We will read the data from a zip file and load it to a GeoDataFrame. Please note that the zip file should contain shapefile.
zipfile='zip:///home/paree/Downloads/states_21basic.zip'
custom=gpd.read_file(zipfile)
We will now plot our shapefile.
custom.plot(figsize=(20,10))
Let us read the population data.
us=pd.read_csv('uspop.csv')
Now, let us merge this with the GeoDataFrame.
custom=custom.merge(us,left_on='STATE_NAME',right_on='State',how='outer')
Let us plot the data.
base=custom.boundary.plot(figsize=(20,10),edgecolor='black')
custom.plot(ax=base,column='2018 Population',
figsize=(20,10),legend=True,legend_kwds={'label': "2018 Population",
'orientation': "horizontal"},missing_kwds={'color': 'lightgrey'},cmap='Blues')
We might want to remove Alaska and Hawaii from the map to get a better look at other states.

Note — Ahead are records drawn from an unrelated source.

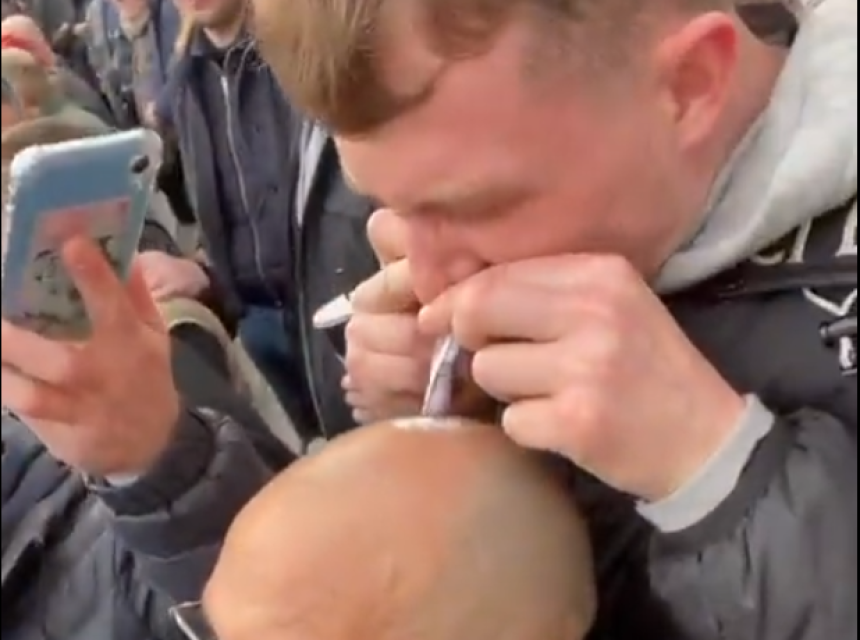 Na snimku koji se pojavio prije nekoliko dana jedan navijač stavlja bijeli prah na glavu svog prijatelja a drugi ušmrkuje taj prah što je grupi oko njih bilo prilično zabavno.
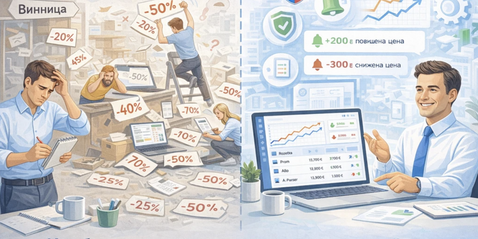 Спроби вручну перевіряти кожен товар на Rozetka чи Prom — це шлях у нікуди. Важливо використовувати програму для моніторингу цін, яка сканує картки товарів на маркетплейсах і сигналізує, якщо хтось «іде в мінус».
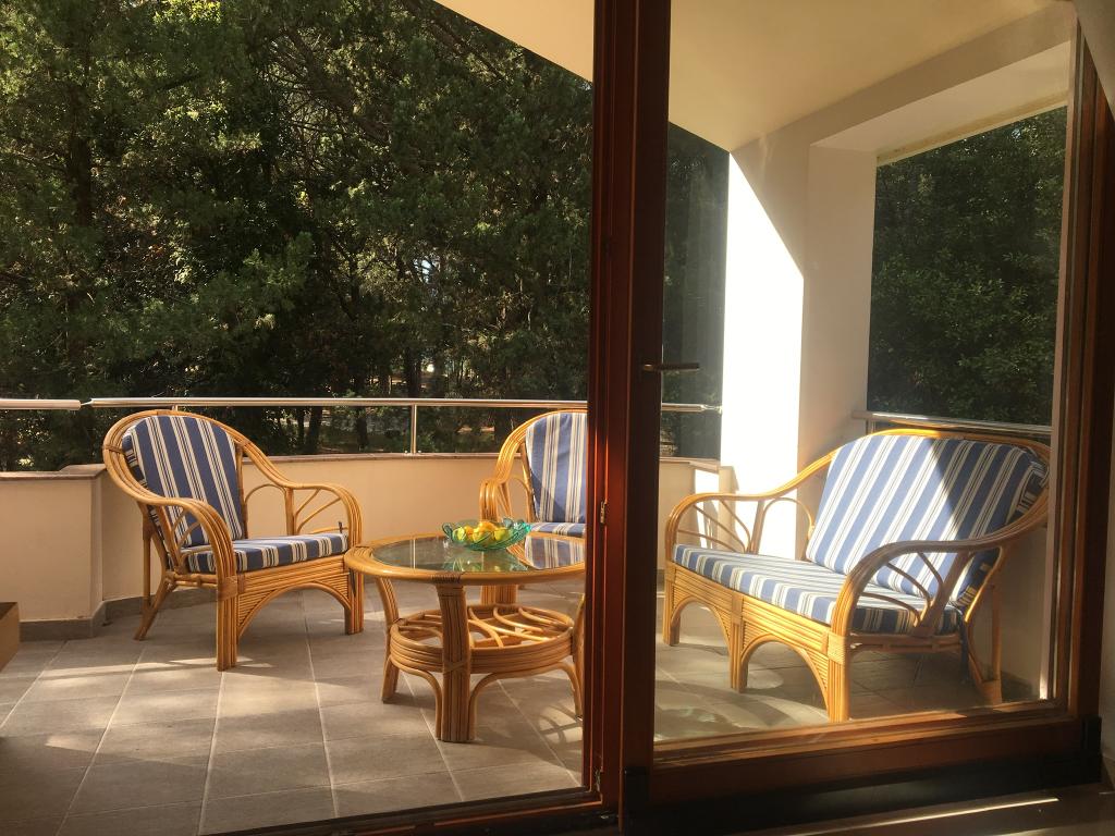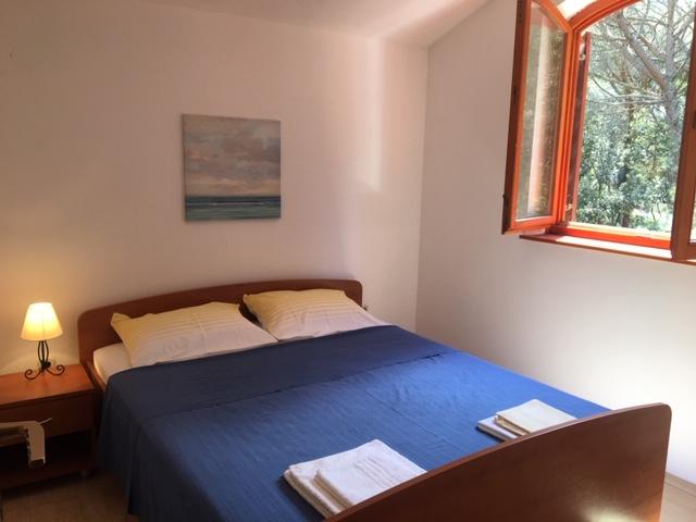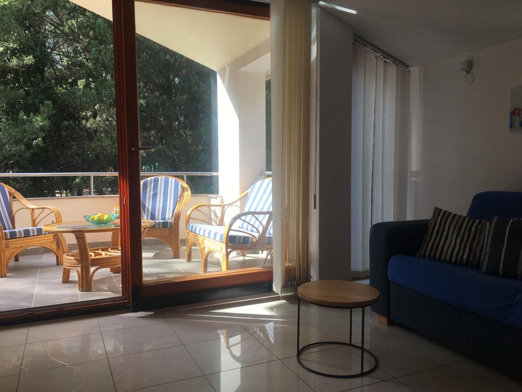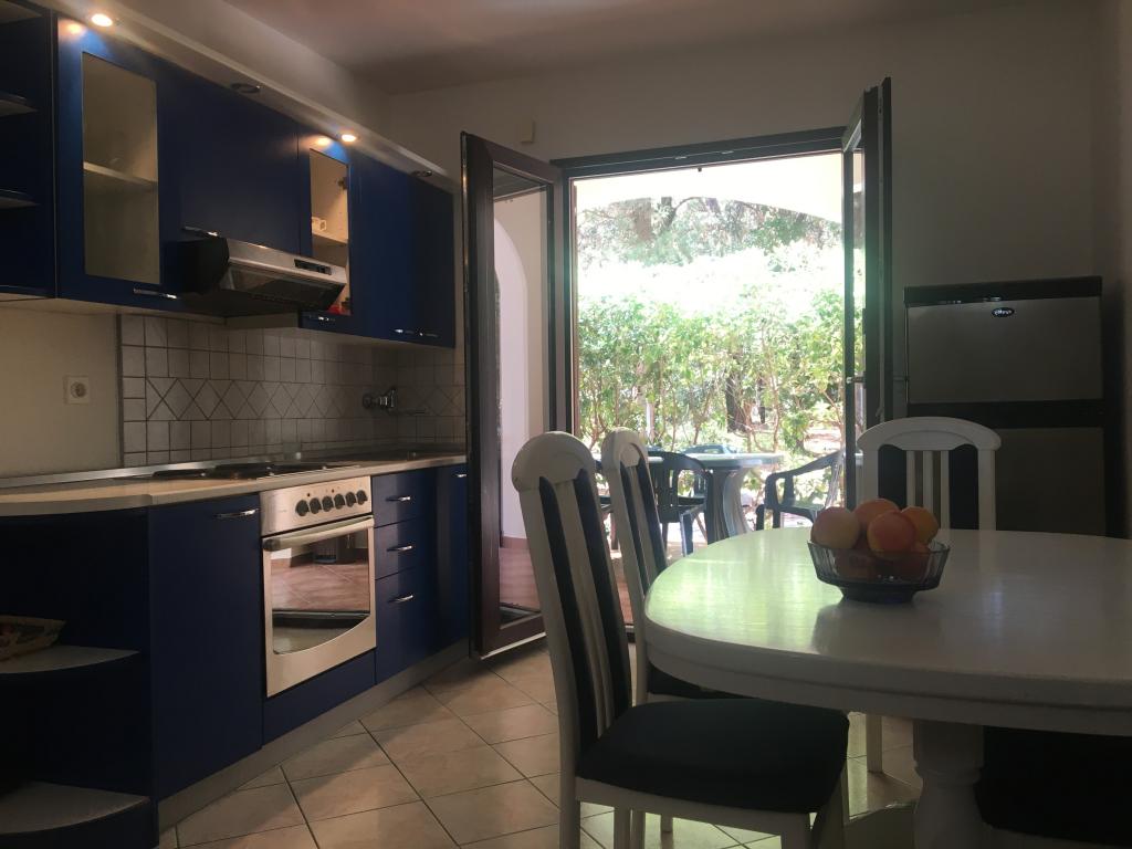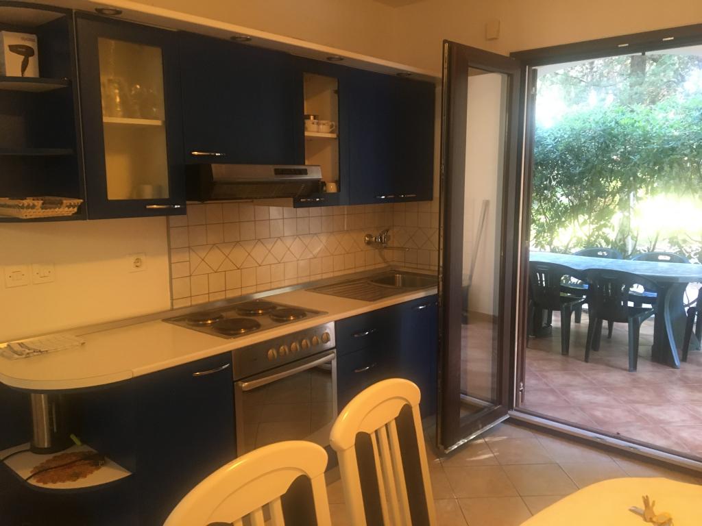lejligheden har to soveværelser, stue, køkken med spisestue, badeværelse med bruser og toilet. Det har sin egen parkeringsplads, Wi-Fi, har aircondition og er udstyret med blandt andet en vaskemaskine, og har også en stor terrasse og grill. Fra køkkenet er der udgang til den overdækkede del af terrassen, som giver mulighed for spisning udenfor. Terrassen er skjult af et grønt hegn og giver mulighed for solbadning. Lejligheden ligger i en fyrreskov ca 250 m fra hovedstranden (Soline strand) i Biograd, og samtidig er den ikke langt fra centrum af Biograd (havnefronten). I umiddelbar nærhed af lejligheden (ca. 150m fra lejligheden) er der tennisbaner og andre faciliteter.
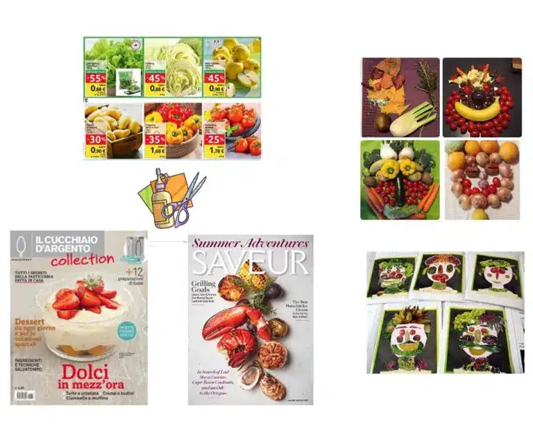 Ritagliate immagini di frutta e verdura di colori e dimensioni varie da riviste e volantini dei supermercati cercando una grande varietà di forme, colori, generi.
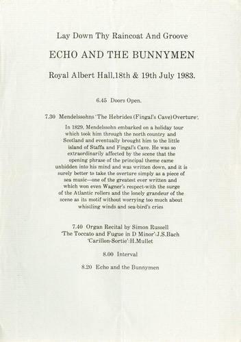| Orchestra or Band | Echo and the Bunnymen (Ian McCulloch - vocal, Will Sergeant - guitar, Les Pattinson - bass guitar, Pete de Freitas - drums) |
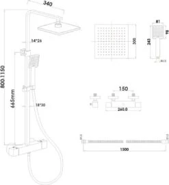 Doucheset Zwart – Met Regendouche 30cm – En Thermostaatkraan
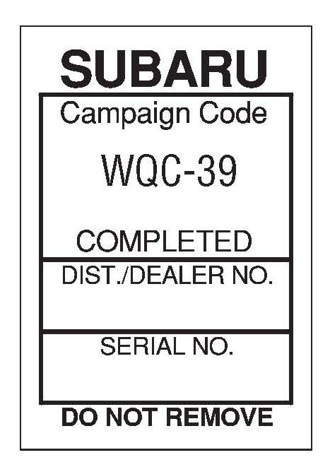 Additional labels are available through the Subaru Claims Helpline.
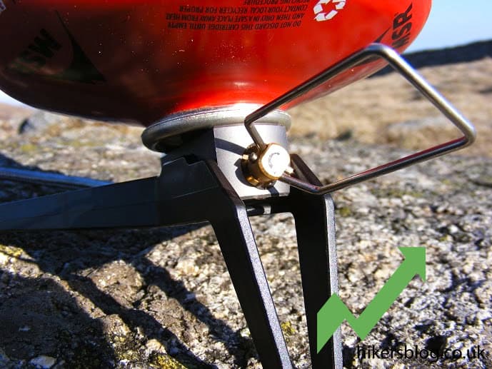 A portable camping stove with a propane canister, perfect for outdoor hiking, camping, and adventure trips on rugged terrain.

custom=custom[custom['STATE_NAME']!='Alaska']
custom=custom[custom['STATE_NAME']!='Hawaii']
base=custom.boundary.plot(figsize=(20,10),edgecolor='black')
custom.plot(ax=base,column='2018 Population',figsize=(20,10),legend=True,legend_kwds={'label': "2018 Population",'orientation':"horizontal"},missing_kwds={'color': 'lightgrey'},cmap='Blues')
And, we are done with the tutorial. I hope this was helpful and happy plotting.